Обломов - Часть вторая - Глава 9
Иногда только соберется он зевнуть, откроет рот – его поражает ее изумленный взгляд: он мгновенно сомкнет рот, так что зубы стукнут. Она преследовала малейшую тень сонливости даже у него на лице. Она спрашивала не только, что он делает, но и что будет делать.
Еще сильнее, нежели от упреков, просыпалась в нем бодрость, когда он замечал, что от его усталости уставала и она, делалась небрежною, холодною. Тогда в нем появлялась лихорадка жизни, сил, деятельности, и тень исчезала опять, и симпатия била опять сильным и ясным ключом.
Но все эти заботы не выходили пока из магического круга любви; деятельность его была отрицательная: он не спит, читает, иногда подумывает писать и план, много ходит, много ездит. Дальнейшее же направление, самая мысль жизни, дело – остается еще в намерениях.
– Какой еще жизни и деятельности хочет Андрей? – говорил Обломов, тараща глаза после обеда, чтоб не заснуть. – Разве это не жизнь? Разве любовь не служба? Попробовал бы он! Каждый день – верст по десяти пешком! Вчера ночевал в городе, в дрянном трактире, одетый, только сапоги снял, и Захара не было – все по милости ее поручений!
Всего мучительнее было для него, когда Ольга предложит ему специальный вопрос и требует от него, как от какого-нибудь профессора, полного удовлетворения; а это случалось с ней часто, вовсе не из педантизма, а просто из желания знать, в чем дело. Она даже забывала часто свои цели относительно Обломова, а увлекалась самым вопросом.
– Зачем нас не учат этому? – с задумчивой досадой говорила она, иногда с жадностью, урывками, слушая разговор о чем-нибудь, что привыкли считать ненужным женщине.
Однажды вдруг приступила к нему с вопросами о двойных звездах: он имел неосторожность сослаться на Гершеля и был послан в город, должен был прочесть книгу и рассказывать ей, пока она не удовлетворилась.
В другой раз, опять по неосторожности, вырвалось у него в разговоре с бароном слова два о школах живописи – опять ему работа на неделю; читать, рассказывать; да потом еще поехали в Эрмитаж: и там еще он должен был делом подтверждать ей прочитанное.
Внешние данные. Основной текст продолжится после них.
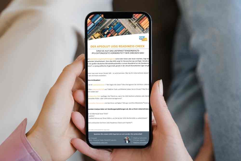 Wir, die apsolut Group, unterstützen Sie gerne dabei die LkSG-Maßnahmen und Pflichten in Ihrem SAP-System umzusetzen.
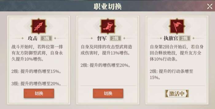 朱然的职业推荐选择【执旗官】,目前所有的执旗官职业武将绝技均为30战意消耗,而朱然是唯一一名20战意消耗的执旗官,大幅提高了长线战斗中执旗官触发全体拉条的性价比。

Если он скажет что-нибудь наобум, она сейчас увидит, да тут-то и пристанет.
Потом он должен был с неделю ездить по магазинам, отыскивать гравюры с лучших картин.
Бедный Обломов то повторял зады, то бросался в книжные лавки за новыми увражами и иногда целую ночь не спал, рылся, читал, чтоб утром, будто нечаянно, отвечать на вчерашний вопрос знанием, вынутым из архива памяти.
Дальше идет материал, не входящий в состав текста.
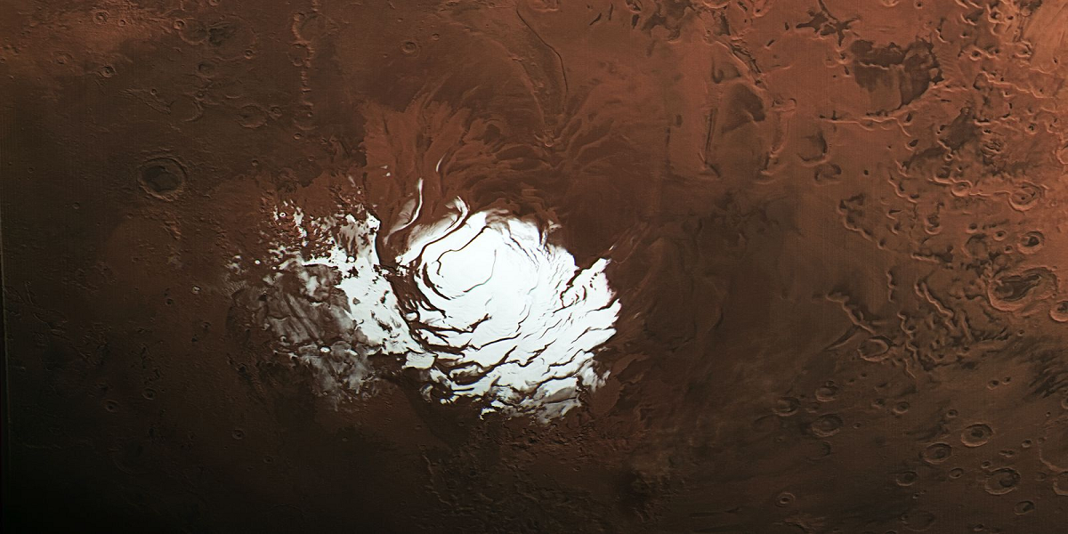 2018 میں مبینہ طور پر مریخ کے برف سے ڈھکے جنوبی قطب کے نیچے پانی دیکھا گیا تھا۔

Она предлагала эти вопросы не с женскою рассеянностью, не по внушению минутного каприза знать то или другое, а настойчиво, с нетерпением, и в случае молчания Обломова казнила его продолжительным, испытующим взглядом. Как он дрожал от этого взгляда!
– Что вы не скажете ничего, молчите? – спросила она. – Можно подумать, что вам скучно.
– Ах! – произнес он, как будто приходя в себя от обморока. – Как я люблю вас!
– В самом деле? А не спроси я, оно и непохоже, – сказала она.
– Да неужели вы не чувствуете, что во мне происходит? – начал он. – Знаете, мне даже трудно говорить. Вот здесь... дайте руку, что-то мешает, как будто лежит что-нибудь тяжелое, точно камень, как бывает в глубоком горе, а между тем, странно, и в горе и в счастье, в организме один и тот же процесс: тяжело, почти больно дышать, хочется плакать! Если б я заплакал, мне бы так же, как в горе, от слез стало бы легко...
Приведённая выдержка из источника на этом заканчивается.